29 de ago de 2015

João Abreu diz que indiciamento pelo Ministério Público é resultado de "pressões disparadas pelo Palácio dos Leões"

Em nota distribuída neste sábado (29), o empresário João Guilherme de Abreu, que foi chefe da Casa Civil de Roseana Sarney, disse que se indiciamento por suspeita de recebimento de propina no esquema de pagamento de precatórios no caso da Constran já era esperado. Ao comentar a repercussão que teve na imprensa local a notícia publicada em primeira mão, pelo jornal O Estado de São Paulo, quinta-feira (27), alfinetou: "Como era de se esperar, essa notícia reverberou na imprensa e blogs da Capital, principalmente naqueles alinhados com o Governo do Estado".

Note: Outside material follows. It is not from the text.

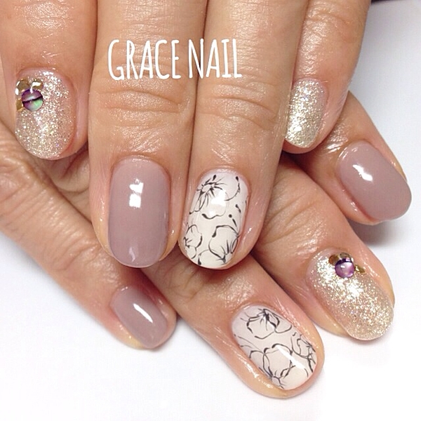 ベージュピンクとスモーキーなグリーンで秋冬にピッタリのフラワーネイルに!

João Abreu também se considera vítima de perseguição do governador Flávio Dino, embora não o cite diretamente na nota. "Meu indiciamento já era por mim esperado, e por todos os que me acompanham neste momento tormentoso, porque somos conscientes de que os ilustres delegados encarregados do inquérito não conseguiriam resistir às pressões disparadas do Palácio dos Leões", mas em outro trecho tenta diminuir o efeito da medida, ao afirmar que "indiciamento não é acusação, mas mera colheita dos dados de identificação de alguém que, na opinião da polícia, reúne indícios de ter sido o autor do ato sob investigação. Ele não gera processo, que só é instaurado com a denúncia oferecida pelo Ministério Público, se recebida pelo Judiciário".

João Abreu tenta manifestar tranquilidade quanto ao futuro das investigações. "Estou absolutamente tranquilo e aguardo, com serenidade, o desdobramento do caso, consciente de que o indiciamento é injusto e motivado por decisão política. Não há nos autos do inquérito elementos mínimos indicadores da existência do alegado crime. Tudo se resume na afirmação feita pelo doleiro Alberto Yusself, um dos principais envolvidos na famosa Operação Lava Jato, que alega ter me mandado entregar vultosa quantia para “distribuir a integrantes do governo do Maranhão em troca do pagamento do precatório”.

Ele prossegue, dizendo que não há comprovação alguma da materialidade desse delito, "mas foi com base, exclusivamente, na afirmação desse renomado delinquente, que se apoia o indiciamento, sem fundamentos ou prova que o justifiquem. E mais ainda, sem levar em consideração que o acordo celebrado entre o Governo do Estado e a Constran se sustentou em judiciosos pareceres emitidos pela Secretaria de Planejamento do Estado e pela Procuradoria Geral do Estado e envolvia uma dívida que o Estado tinha para com a referida empresa, apurada através de um longo processo judicial, que tramitou por todas as esferas do Judiciário e contra o qual já não era mais possível opor resistência alguma".

Por fim, diz que agora "caberá agora ao Ministério Público Estadual analisar se me acusa ou não, com os parcos elementos contidos no inquérito".